━━ Provided data ━━

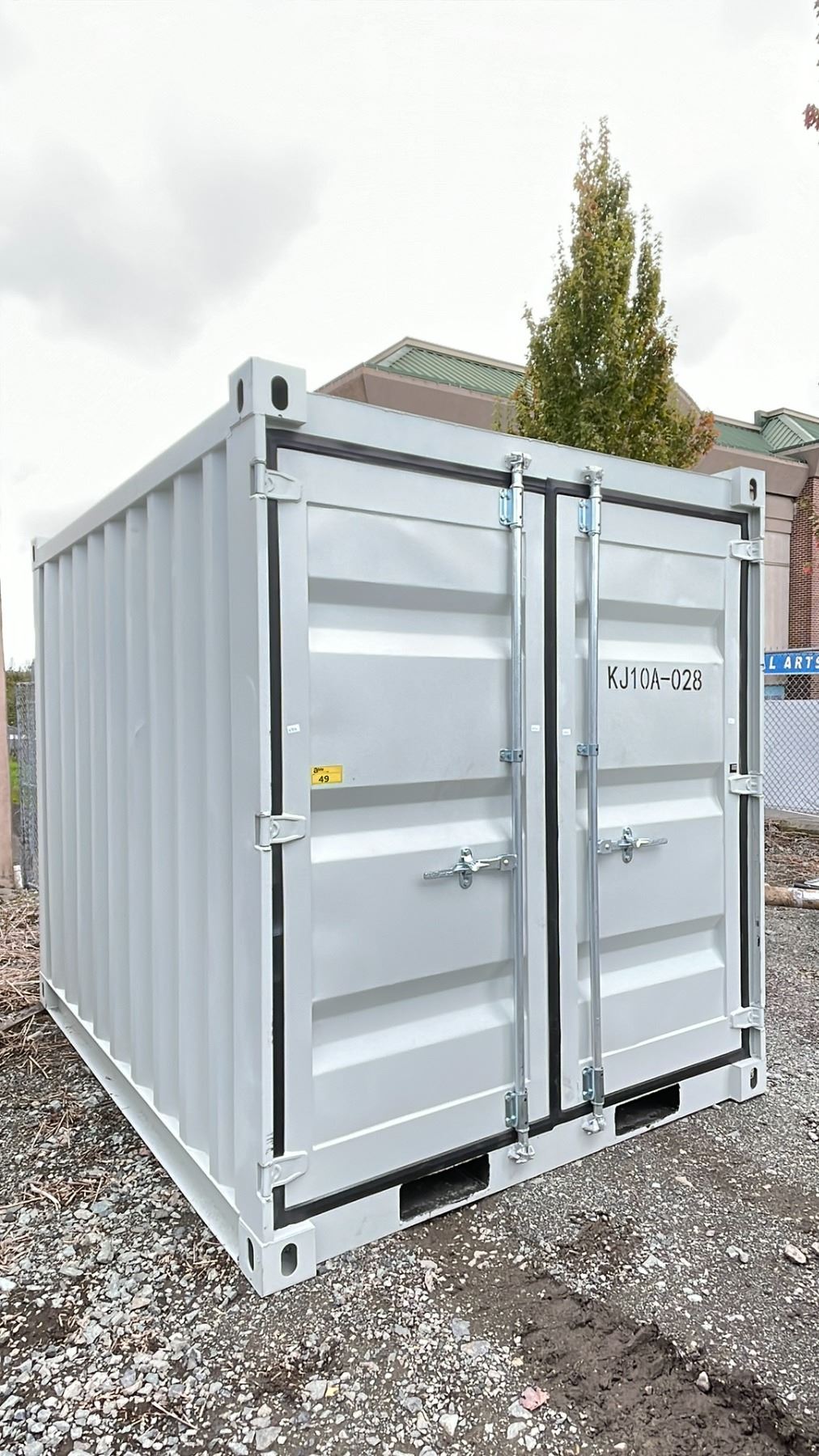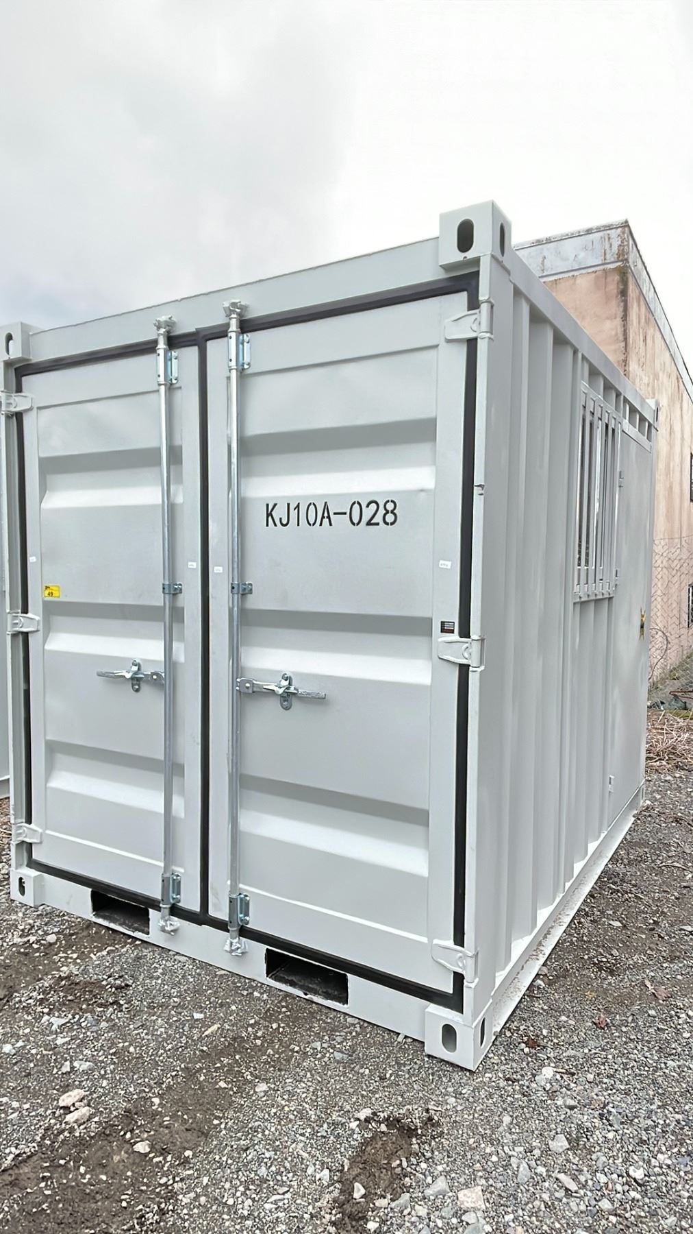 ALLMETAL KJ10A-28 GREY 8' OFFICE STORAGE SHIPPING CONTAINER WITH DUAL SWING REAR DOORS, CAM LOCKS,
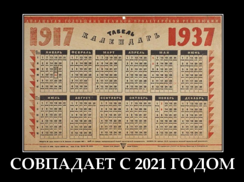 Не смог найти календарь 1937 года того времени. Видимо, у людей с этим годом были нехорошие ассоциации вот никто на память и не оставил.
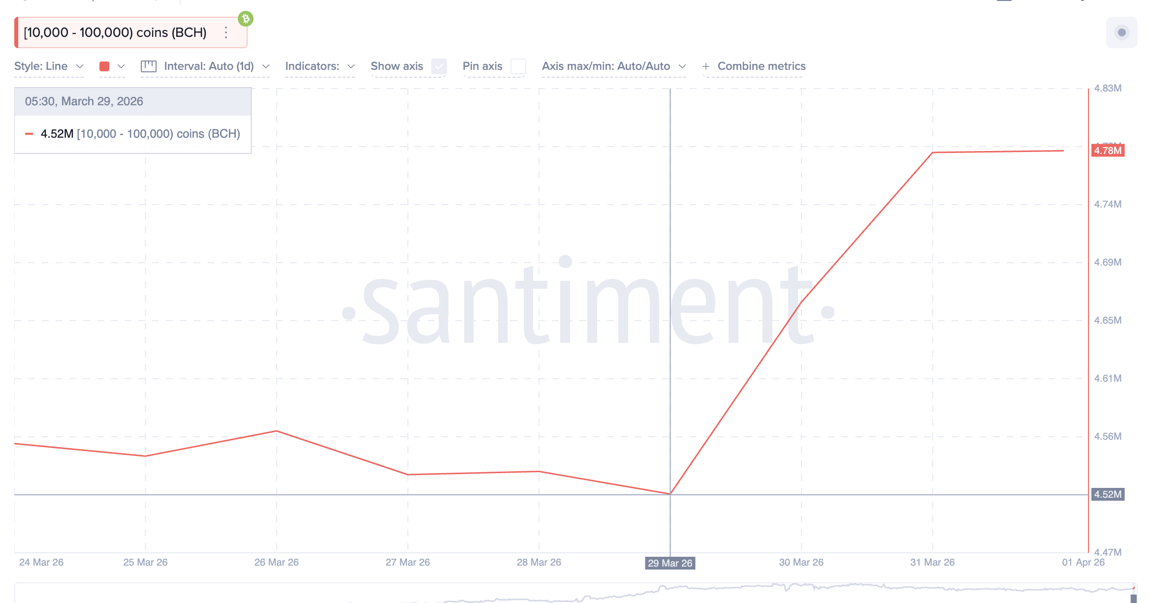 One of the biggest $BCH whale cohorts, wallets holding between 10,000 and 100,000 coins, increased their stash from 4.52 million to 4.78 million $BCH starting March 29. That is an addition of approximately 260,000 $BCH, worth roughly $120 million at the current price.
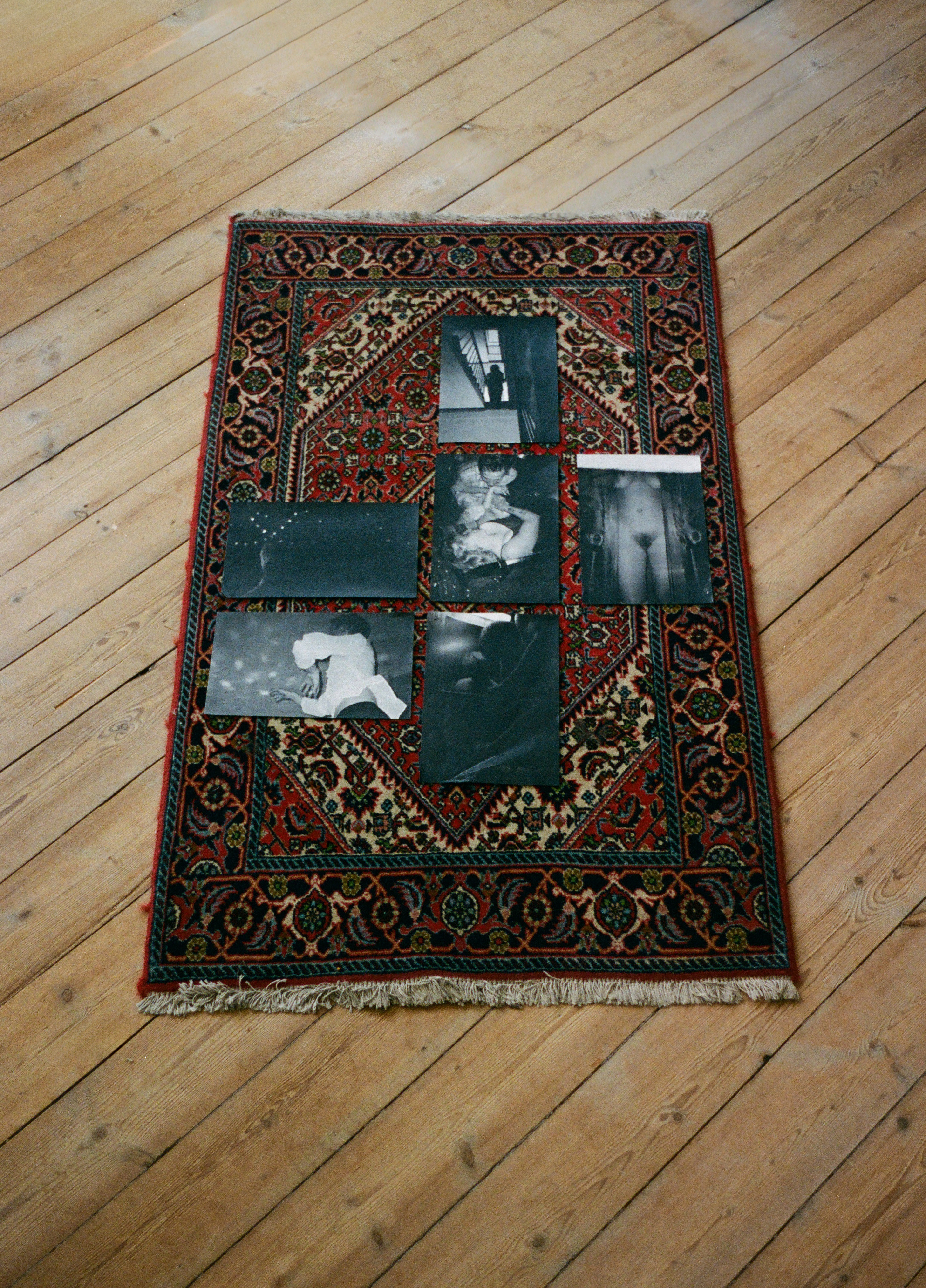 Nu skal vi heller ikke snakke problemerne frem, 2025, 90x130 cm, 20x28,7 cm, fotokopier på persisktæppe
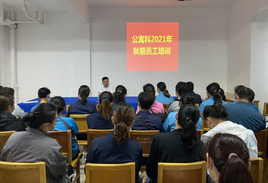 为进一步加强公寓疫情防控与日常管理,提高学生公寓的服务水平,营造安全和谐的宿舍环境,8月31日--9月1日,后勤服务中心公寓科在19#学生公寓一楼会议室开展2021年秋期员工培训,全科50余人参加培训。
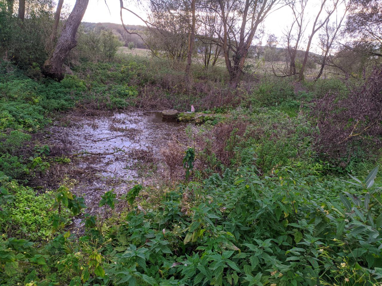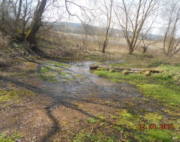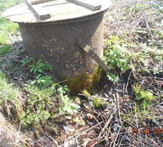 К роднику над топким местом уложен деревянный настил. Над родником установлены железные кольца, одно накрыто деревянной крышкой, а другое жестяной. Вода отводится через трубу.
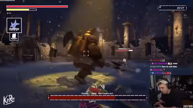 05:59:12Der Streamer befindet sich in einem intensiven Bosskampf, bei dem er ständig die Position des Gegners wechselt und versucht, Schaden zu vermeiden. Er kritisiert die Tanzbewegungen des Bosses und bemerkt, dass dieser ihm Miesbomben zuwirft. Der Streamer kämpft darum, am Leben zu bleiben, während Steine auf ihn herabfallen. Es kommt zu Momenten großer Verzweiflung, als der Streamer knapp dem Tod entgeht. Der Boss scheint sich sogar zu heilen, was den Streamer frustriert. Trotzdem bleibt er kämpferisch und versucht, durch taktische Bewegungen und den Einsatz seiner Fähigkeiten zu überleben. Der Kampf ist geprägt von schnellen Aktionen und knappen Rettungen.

━━━

What needs to be done :: Wherever the listing shows a picture, omit it and output the rest exactly as given.

Problem solution ::
 ALLMETAL KJ10A-28 GREY 8' OFFICE STORAGE SHIPPING CONTAINER WITH DUAL SWING REAR DOORS, CAM LOCKS,
 Не смог найти календарь 1937 года того времени. Видимо, у людей с этим годом были нехорошие ассоциации вот никто на память и не оставил.
 One of the biggest $BCH whale cohorts, wallets holding between 10,000 and 100,000 coins, increased their stash from 4.52 million to 4.78 million $BCH starting March 29. That is an addition of approximately 260,000 $BCH, worth roughly $120 million at the current price.
 Nu skal vi heller ikke snakke problemerne frem, 2025, 90x130 cm, 20x28,7 cm, fotokopier på persisktæppe
 为进一步加强公寓疫情防控与日常管理,提高学生公寓的服务水平,营造安全和谐的宿舍环境,8月31日--9月1日,后勤服务中心公寓科在19#学生公寓一楼会议室开展2021年秋期员工培训,全科50余人参加培训。
 К роднику над топким местом уложен деревянный настил. Над родником установлены железные кольца, одно накрыто деревянной крышкой, а другое жестяной. Вода отводится через трубу.
 05:59:12Der Streamer befindet sich in einem intensiven Bosskampf, bei dem er ständig die Position des Gegners wechselt und versucht, Schaden zu vermeiden. Er kritisiert die Tanzbewegungen des Bosses und bemerkt, dass dieser ihm Miesbomben zuwirft. Der Streamer kämpft darum, am Leben zu bleiben, während Steine auf ihn herabfallen. Es kommt zu Momenten großer Verzweiflung, als der Streamer knapp dem Tod entgeht. Der Boss scheint sich sogar zu heilen, was den Streamer frustriert. Trotzdem bleibt er kämpferisch und versucht, durch taktische Bewegungen und den Einsatz seiner Fähigkeiten zu überleben. Der Kampf ist geprägt von schnellen Aktionen und knappen Rettungen.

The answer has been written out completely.